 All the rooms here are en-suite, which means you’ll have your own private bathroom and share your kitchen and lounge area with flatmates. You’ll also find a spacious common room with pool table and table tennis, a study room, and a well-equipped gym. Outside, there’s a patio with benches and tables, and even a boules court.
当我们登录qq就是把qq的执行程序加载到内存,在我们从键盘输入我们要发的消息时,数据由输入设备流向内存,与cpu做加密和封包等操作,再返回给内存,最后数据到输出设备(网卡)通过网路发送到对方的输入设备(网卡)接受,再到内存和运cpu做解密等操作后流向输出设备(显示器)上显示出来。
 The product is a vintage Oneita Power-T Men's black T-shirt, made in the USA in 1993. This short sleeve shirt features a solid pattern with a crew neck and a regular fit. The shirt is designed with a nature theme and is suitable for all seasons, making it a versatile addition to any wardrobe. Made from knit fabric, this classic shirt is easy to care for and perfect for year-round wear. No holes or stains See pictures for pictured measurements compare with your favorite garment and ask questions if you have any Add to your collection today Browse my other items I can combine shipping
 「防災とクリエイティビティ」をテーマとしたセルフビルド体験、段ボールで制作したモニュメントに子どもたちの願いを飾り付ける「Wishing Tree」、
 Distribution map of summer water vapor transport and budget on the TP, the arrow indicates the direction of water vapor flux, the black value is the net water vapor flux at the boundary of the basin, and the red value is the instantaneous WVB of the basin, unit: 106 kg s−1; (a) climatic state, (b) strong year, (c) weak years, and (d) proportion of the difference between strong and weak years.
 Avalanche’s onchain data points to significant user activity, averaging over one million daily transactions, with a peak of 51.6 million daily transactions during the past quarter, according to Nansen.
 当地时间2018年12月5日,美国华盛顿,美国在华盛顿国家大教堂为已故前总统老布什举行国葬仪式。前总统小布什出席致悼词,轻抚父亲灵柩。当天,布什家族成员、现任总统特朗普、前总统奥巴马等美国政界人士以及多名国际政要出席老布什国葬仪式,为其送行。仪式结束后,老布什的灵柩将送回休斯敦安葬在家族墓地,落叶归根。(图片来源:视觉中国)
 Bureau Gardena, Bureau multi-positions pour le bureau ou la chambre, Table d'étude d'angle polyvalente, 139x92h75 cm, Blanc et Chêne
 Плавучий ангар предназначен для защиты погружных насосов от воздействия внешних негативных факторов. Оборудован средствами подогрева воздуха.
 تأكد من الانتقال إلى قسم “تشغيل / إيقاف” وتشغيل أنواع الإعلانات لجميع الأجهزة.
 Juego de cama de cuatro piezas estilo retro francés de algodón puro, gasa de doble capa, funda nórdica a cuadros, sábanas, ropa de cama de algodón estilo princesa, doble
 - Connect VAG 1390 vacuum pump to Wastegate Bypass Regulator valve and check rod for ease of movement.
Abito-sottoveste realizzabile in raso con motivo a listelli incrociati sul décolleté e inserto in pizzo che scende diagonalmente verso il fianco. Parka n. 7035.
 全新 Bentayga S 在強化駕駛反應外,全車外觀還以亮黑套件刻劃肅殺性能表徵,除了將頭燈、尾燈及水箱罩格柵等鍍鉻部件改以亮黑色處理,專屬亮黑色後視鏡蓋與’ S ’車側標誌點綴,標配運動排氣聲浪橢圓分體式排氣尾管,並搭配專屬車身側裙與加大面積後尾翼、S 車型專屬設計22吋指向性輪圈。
⁂
[EXERCISE DIRECTIONS]:
Scan the material above for the string "year". Copy each line that holds it.

[SOLUTION FOR THIS EXERCISE]:
 The product is a vintage Oneita Power-T Men's black T-shirt, made in the USA in 1993. This short sleeve shirt features a solid pattern with a crew neck and a regular fit. The shirt is designed with a nature theme and is suitable for all seasons, making it a versatile addition to any wardrobe. Made from knit fabric, this classic shirt is easy to care for and perfect for year-round wear. No holes or stains See pictures for pictured measurements compare with your favorite garment and ask questions if you have any Add to your collection today Browse my other items I can combine shipping
 Distribution map of summer water vapor transport and budget on the TP, the arrow indicates the direction of water vapor flux, the black value is the net water vapor flux at the boundary of the basin, and the red value is the instantaneous WVB of the basin, unit: 106 kg s−1; (a) climatic state, (b) strong year, (c) weak years, and (d) proportion of the difference between strong and weak years.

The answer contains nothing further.